Forse è arrivato il momento di una riforma sostanziale, ispirandosi a principi e sensibilità che ormai si vanno affermando per il mondo, tra tutti la sostenibilità. Aspetti di indiscussa rilevanza per determinare anche l’adozione di buone pratiche tecniche e di gestione. Si pensi alla definizione di museo di ICOM, che sottolinea la peculiarità di questi contesti, definendoli istituzioni permanenti senza fini di lucro. Basterebbe uno sguardo oltre i confini patri per trovare esempi virtuosi in questo campo, per elevare così la qualità dei servizi e delle potenzialità che è in grado di esprimere e offrire un sistema culturale degno di questo nome.
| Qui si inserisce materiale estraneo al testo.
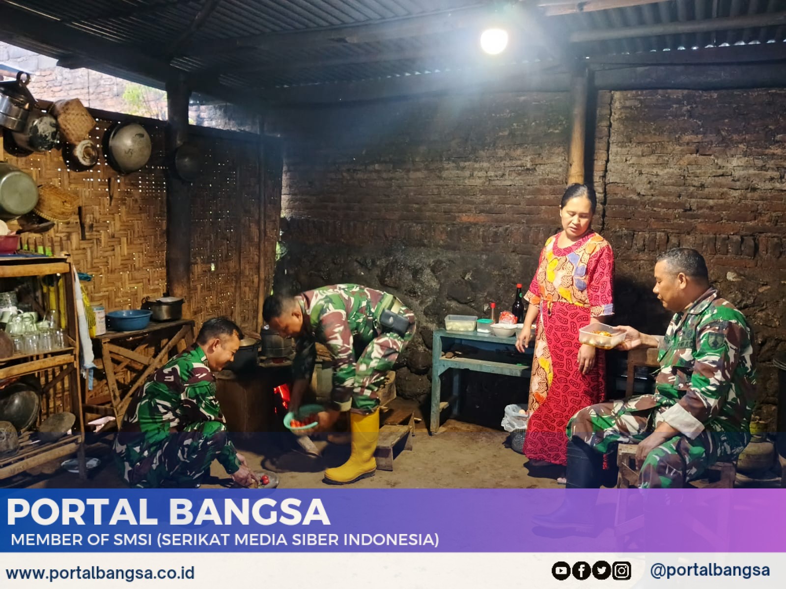 Bondowoso, Portalbangsa. Co. Id – 6 Maret 2025 – Pemandangan tak biasa terjadi di dapur rumah Bu Aziz, salah satu warga lokasi TMMD ke-123 Kodim 0822 Bondowoso. Sejumlah anggota Satgas TMMD, yaitu Peltu Agus, Peltu Wiwit, dan Peltu Ngadiman, tampak sibuk membantu menyiapkan menu berbuka puasa, Kamis (6/3).

E se avesse ragione il “padre di Faust”? Del resto le citazioni non dovrebbero essere mai riproposte a caso, solo per darsi un tono. Le nostre energie sembrano davvero esaurirsi in viaggi della speranza sui mezzi pubblici, in code chilometriche ai caselli autostradali per poter godere delle bellezze nostrane. Non di meno trascorrere ore in fila per entrare nei musei, di fare a gomitate per ammirare questa o quell’opera, mentre schiere di avanguardisti ipertecnologici monopolizzano lo spazio espositivo ormai divenuto un set dove realizzare selfie. Sarebbe il colmo stancarsi della bellezza, riposarsi e poi ricominciare ad apprezzarla. Lo schema è chiaro anche se antico. Basterebbe forse riattualizzare la citazione in premessa, agevolando una gestione integrata di tutte queste attività, creando magari un itinerario o più itinerari reali, non solo virtuali, con caratteristiche più accoglienti ed inclusive, con una maggiore attenzione alle categorie sociali più fragili. Il museo, più in generale gli spazi espositivi, dovrebbero essere catalizzatori di bellezza e cultura. Il bel paese ne possiede numerose per quantità, qualità e soprattutto unicità.
È possibile questo cambiamento senza fare patti col diavolo? Probabilmente sì, nella misura in cui ognuno di noi si attiverà concretamente anche per gli altri.